Records drawn from a dataset
- Opening Delimiter -

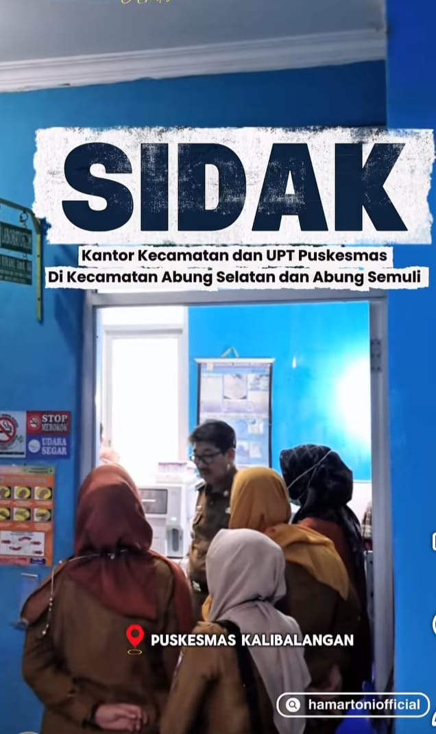 Lampung Utara, – Dalam upaya memastikan pelayanan publik berjalan optimal, Pemerintah Kabupaten Lampung Utara melakukan kunjungan mendadak (sidak) ke sejumlah fasilitas pelayanan masyarakat. Kunjungan ini dilakukan ke Kantor Kecamatan Abung Selatan, UPTD Puskesmas Kalibalangan, UPTD Puskesmas Abung Semuli, serta Kantor Kecamatan Abung Semuli.
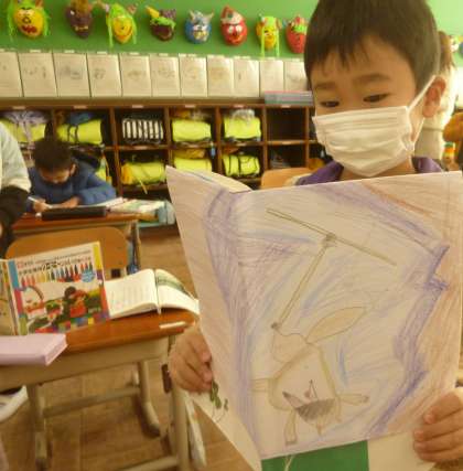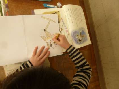 国語科「たぬきの糸車」では自分のお気に入りの場面を一つ選んで,その場面の絵を画用紙にかきました。挿絵を参考にえがく子や自分の思い描いた場面の絵をかく子など,見ていてとても楽しかったです。
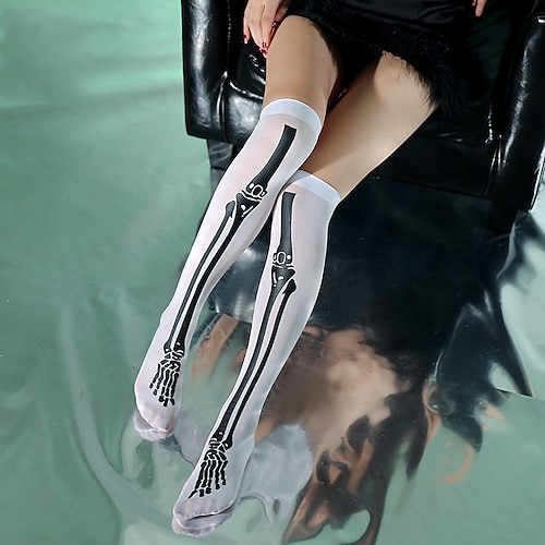 Teschio scheletro Sangue Calzini Calze alte fino alla coscia Orrore Costume Spaventoso Adulti Per donna Halloween Carnevale Feste Performance Costumi di Halloween facili Vestirsi
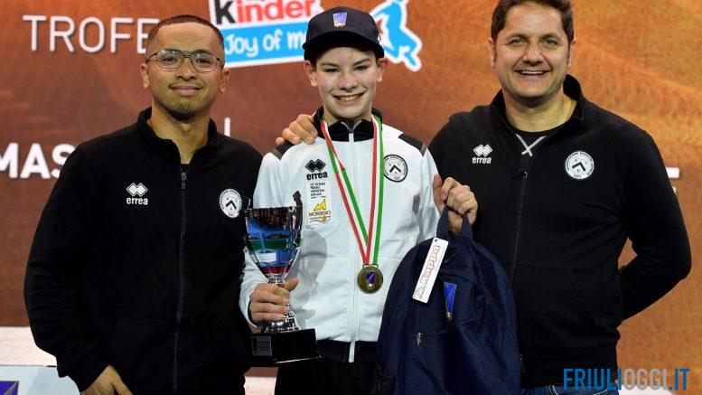 Dopo il doppio bronzo di Edoardo Di Benedetto e Giovanni Peres nel fioretto Giovanissimi nella prima giornata di gare, ieri è arrivato un altro terzo posto per l’Associazione Sportiva Udinese al 59° GPG “Renzo Nostini” 2023 – Kinder Joy of Moving, i campionati italiani di scherma per le categorie Under 14. Marco Bertossi è salito sul terzo gradino del podio nel fioretto Allievi, atleti nati nel 2009.
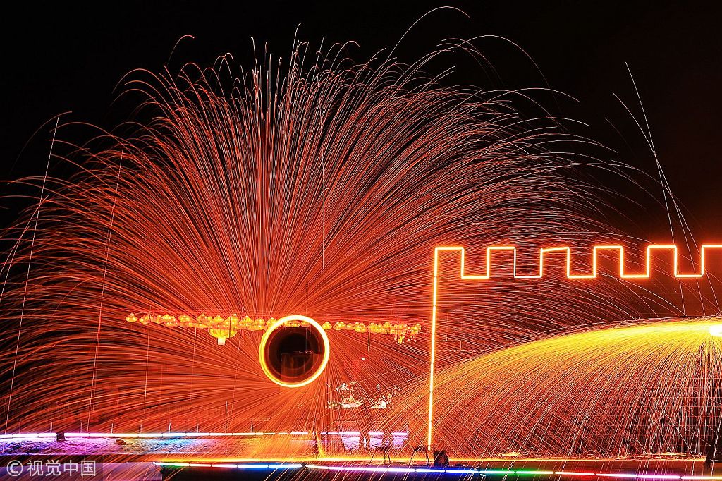 2019年2月13日,北京,世界公园非遗打铁花“穿越时空”,迸耀出灿烂的火花。四大演艺章节交相辉映。大地之光:熔炼先古传奇;千年之光:迸射历史风采;传承之光:闪耀时代脉搏、民族之光:传送中华之魂。古老的技艺,凝聚着精神与力量,匠心与智慧的正能量。铁花火龙舞,火树银花秀、星河月亮船,梦幻出“忽如一夜春风来,千树万树梨花开”的神奇美景。

- Closing Delimiter -

## Problem to work on
From the line with "Teschio scheletro Sangue" up to and including the line with "Dopo il doppio" above, retype every line exactly and nothing more; leave out the pictures.

## Reply to the exercise
 Teschio scheletro Sangue Calzini Calze alte fino alla coscia Orrore Costume Spaventoso Adulti Per donna Halloween Carnevale Feste Performance Costumi di Halloween facili Vestirsi
 Dopo il doppio bronzo di Edoardo Di Benedetto e Giovanni Peres nel fioretto Giovanissimi nella prima giornata di gare, ieri è arrivato un altro terzo posto per l’Associazione Sportiva Udinese al 59° GPG “Renzo Nostini” 2023 – Kinder Joy of Moving, i campionati italiani di scherma per le categorie Under 14. Marco Bertossi è salito sul terzo gradino del podio nel fioretto Allievi, atleti nati nel 2009.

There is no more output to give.